Платонов, давно уже отставивший от себя тарелку, глядел на нее с изумлением и даже больше – почти с ужасом. Ему, видевшему в жизни много тяжелого, грязного, порою даже кровавого, – ему стало страшно животным страхом перед этим напряжением громадной неизлившейся ненависти. Очнувшись, он сказал:
– Один великий французский писатель рассказывает о таком случае. Пруссаки завоевали французов и всячески издевались над ними: расстреливали мужчин, насиловали женщин, грабили дома, поля сжигали… И вот одна красивая женщина – француженка – очень красивая, заразившись, стала назло заражать всех немцев, которые попадали к ней в объятья. Она сделала больными целые сотни, может быть, даже тысячи… И когда она умирала в госпитале, она с радостью и с гордостью вспоминала об этом… Но ведь то были враги, попиравшие ее отечество и избивавшие ее братьев… Но ты, ты, Женечка?..
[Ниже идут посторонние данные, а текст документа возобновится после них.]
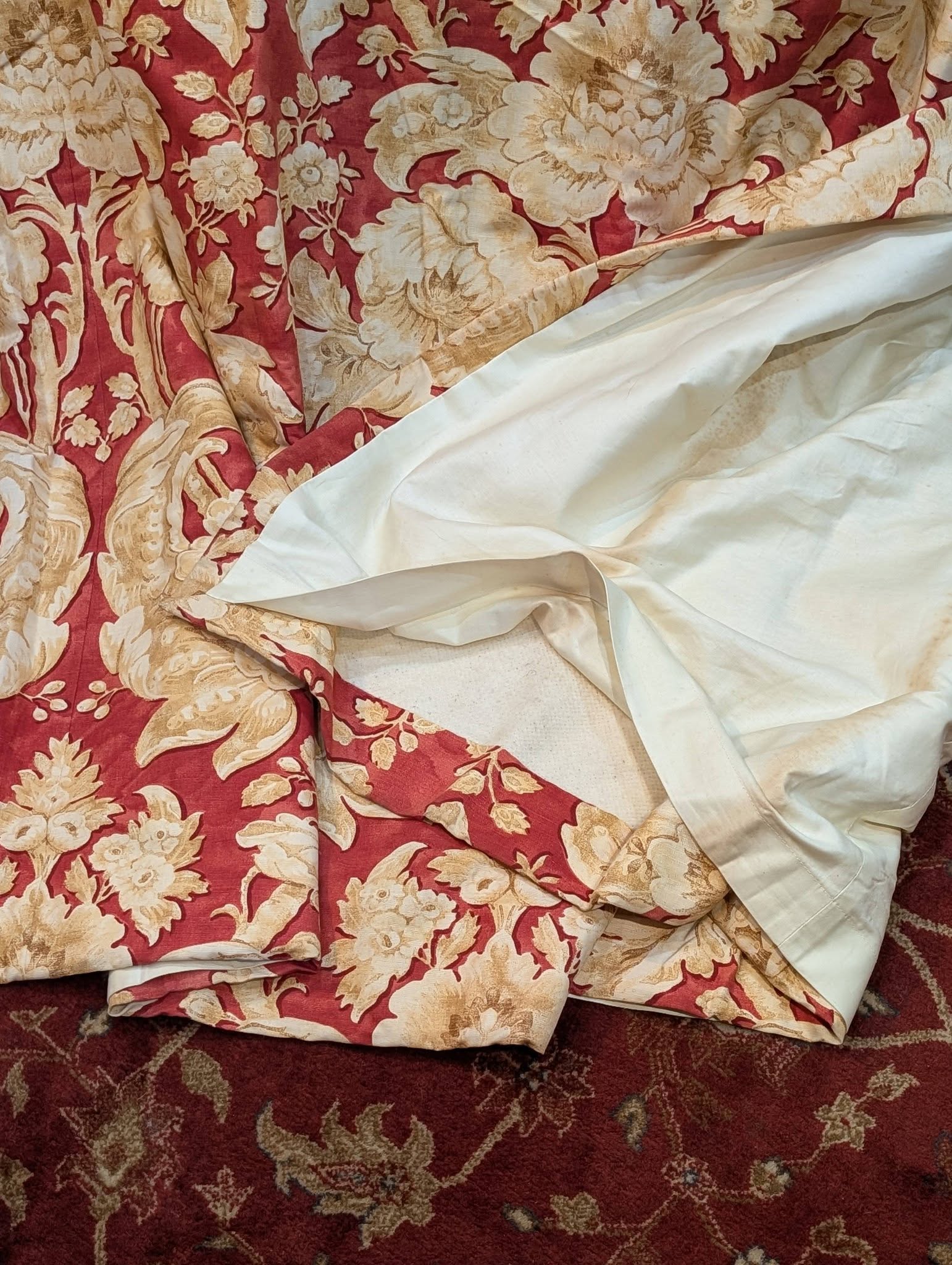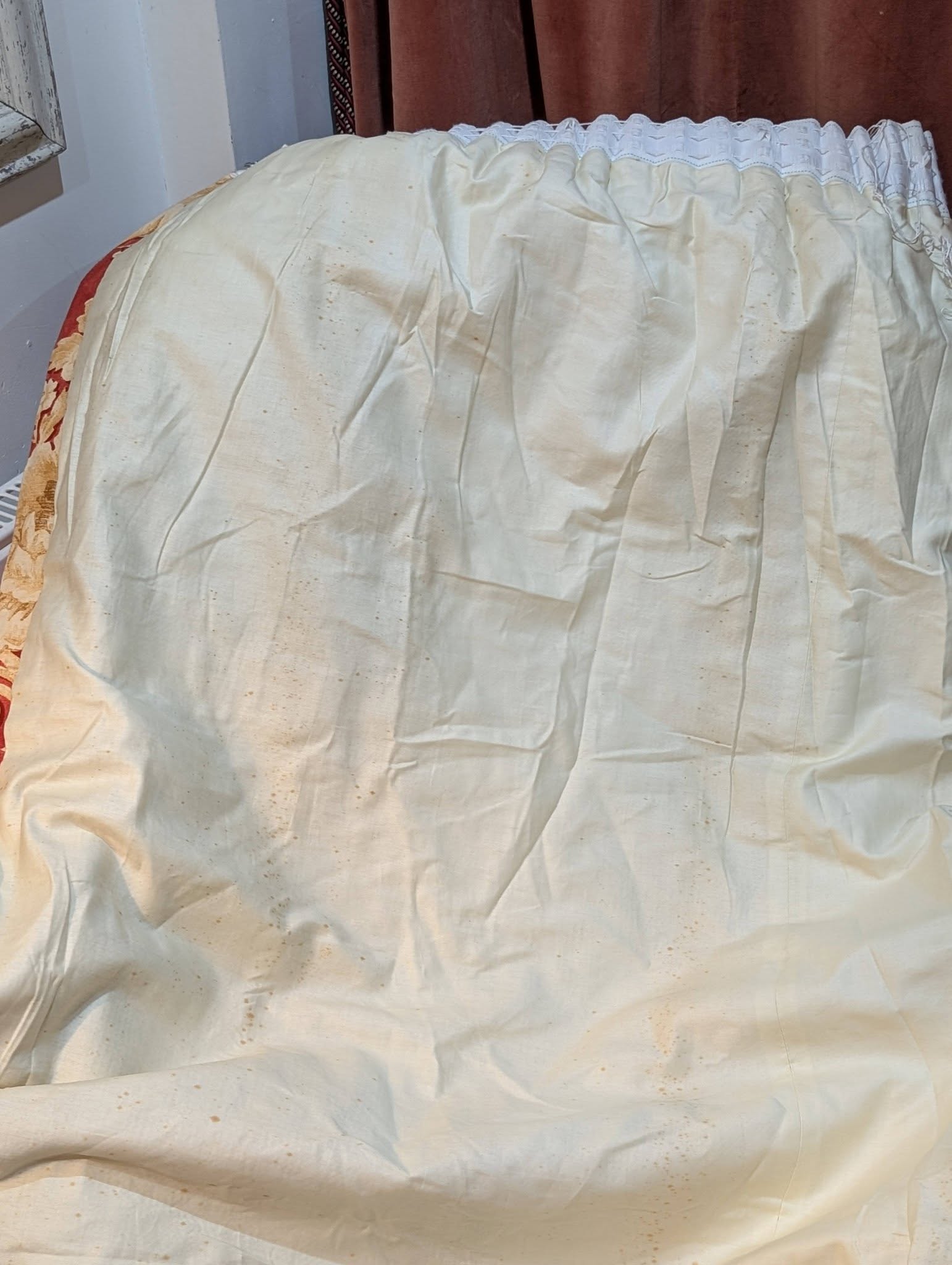 The linings of the curtains are in good overall condition with no significant damage, marks or stains except for some spotting which we have pictured – Rating 8.75/10
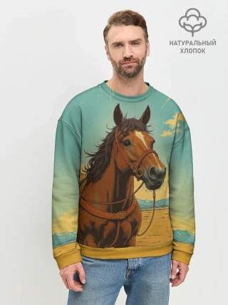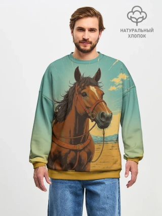 Мужской свитшот оверсайз хлопок / Loshad_v_pustine
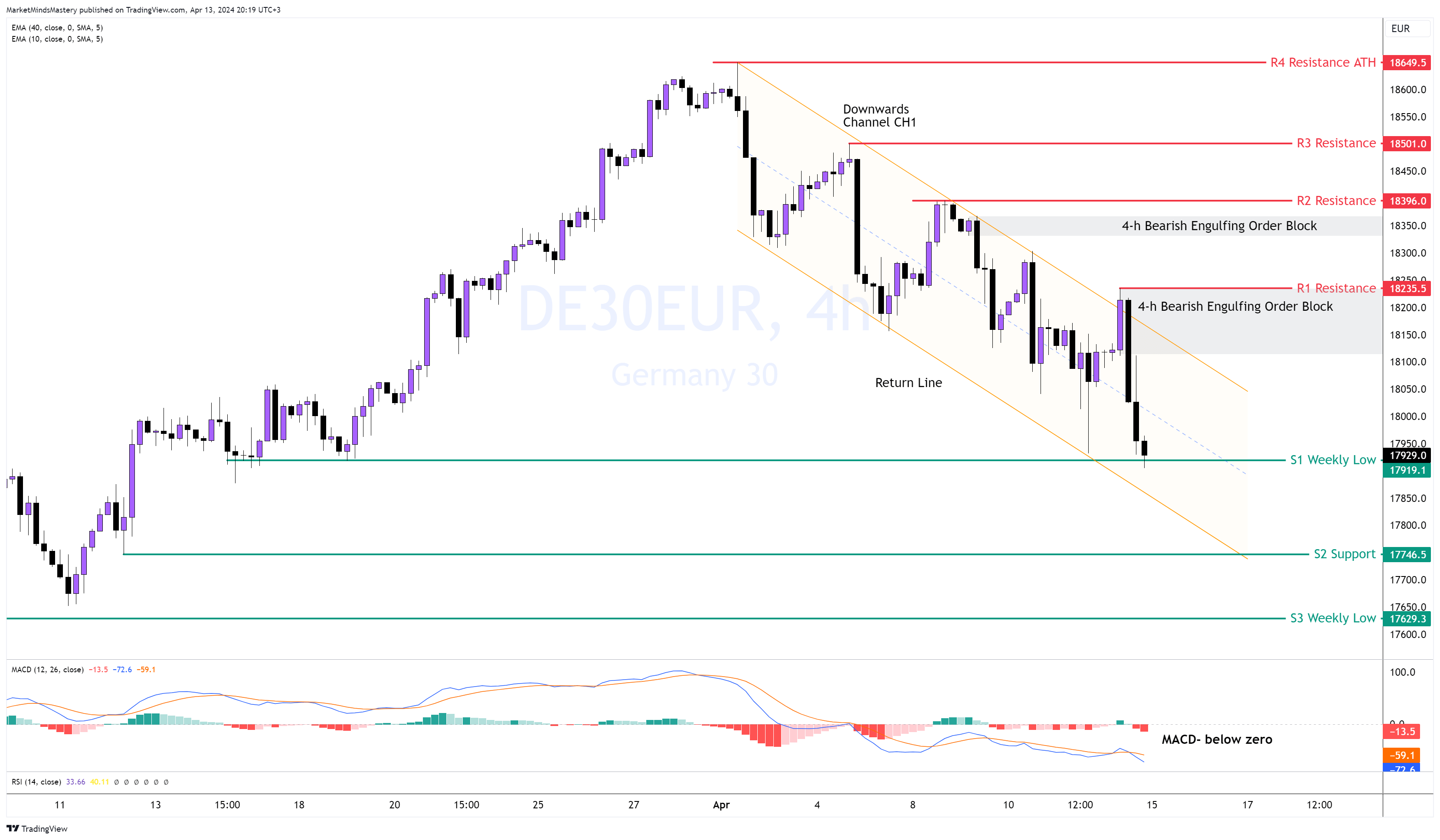 Se il prezzo troverà supporto a partire da lunedì e si muoverà verso l'alto, la resistenza R1 sarà il primo livello di prezzo significativo, intorno a 18235, con un Bearish Engulfing Order Block seduto lì. Inoltre, la trendline discendente del CH1 si trova approssimativamente allo stesso livello. Se il prezzo penetra la R1 e si muove verso l'alto, la prossima area di resistenza, R2, si trova intorno a 18396. D'altra parte, se il prezzo continua a muoversi verso il basso, la prima area di supporto diventa la linea di ritorno del canale CH1, con un livello statico significativo della S2 di circa 17746. Un ulteriore calo può portare il prezzo al livello di supporto S3, che è un minimo settimanale, intorno a 17629.
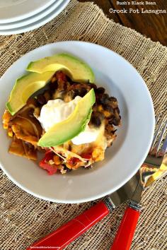 This Bush's Black Bean Crock Pot Lasagna, is easy to prepare and start cooking hours ahead of a dinner party, a great dish to serve kids. #vegetarian
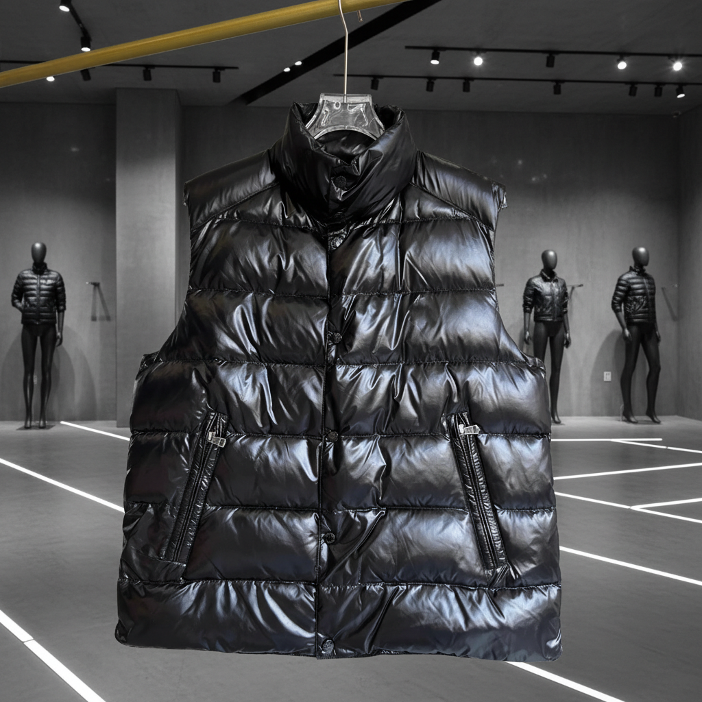 Moncler Black Puffer Vest, lightweight sleeveless down jacket with high collar, zip pockets, and glossy finish, perfect for winter layering and outdoor style.
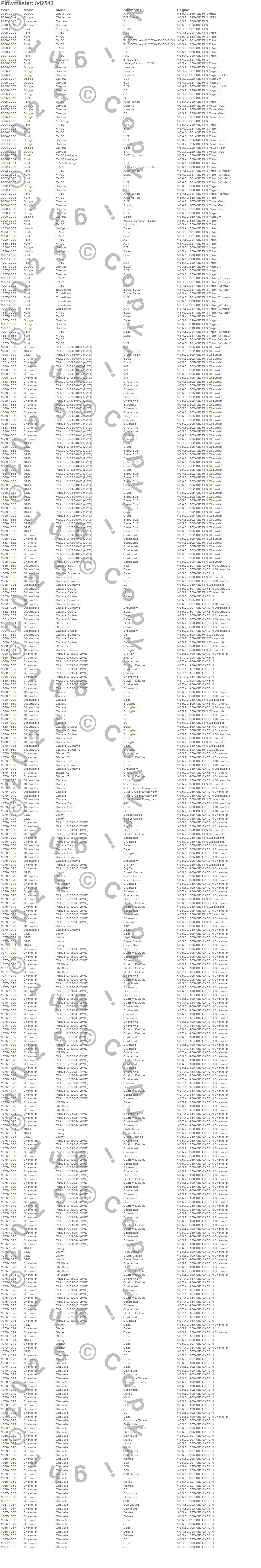 Blazer, Blazer K5, C10 Pickup, C1500, C1500 Pickup, C20 Pickup, C2500 Pickup, C30 Pickup, Camaro, Challenger, Chevelle, Cutlass, Cutlass Calais, Cutlass Cruiser, Cutlass Salon, Cutlass Supreme, Dakota, Expedition, F-150, F-150 Heritage more…

– А я всех, именно всех! Скажите мне, Сергей Иванович, по совести только скажите, если бы вы нашли на улице ребенка, которого кто-то обесчестил, надругался над ним… ну, скажем, выколол бы ему глаза, отрезал уши, – и вот вы бы узнали, что этот человек сейчас проходит мимо вас и что только один бог, если только он есть, смотрит на вас в эту минуту с небеси, – что бы вы сделали?
– Не знаю, – ответил глухо и потупившись Платонов, но он побледнел, и пальцы его под столом судорожно сжались в кулаки. – Может быть, убил бы его…
– Не «может быть», а наверно! Я вас знаю, я вас чувствую. Ну, а теперь подумайте: ведь над каждой из нас так надругались, когда мы были детьми!.. Детьми! – страстно простонала Женька и закрыла на мгновение глаза ладонью. – Об этом ведь, помнится, и вы как-то говорили у нас, чуть ли не в тот самый вечер, на троицу… Да, детьми, глупыми, доверчивыми, слепыми, жадными, пустыми… И не можем мы вырваться из своей лямки… куда пойдешь? что сделаешь?.. И вы не думайте, пожалуйста, Сергей Иванович, что во мне сильна злоба только к тем, кто именно меня, лично меня обижали… Нет, вообще ко всем нашим гостям, к этим кавалерам, от мала до велика… Ну и вот я решилась мстить за себя и за своих сестер. Хорошо это или нет?..
– Женечка, я, право, не знаю… Я не могу… я ничего не смею сказать… Я не понимаю.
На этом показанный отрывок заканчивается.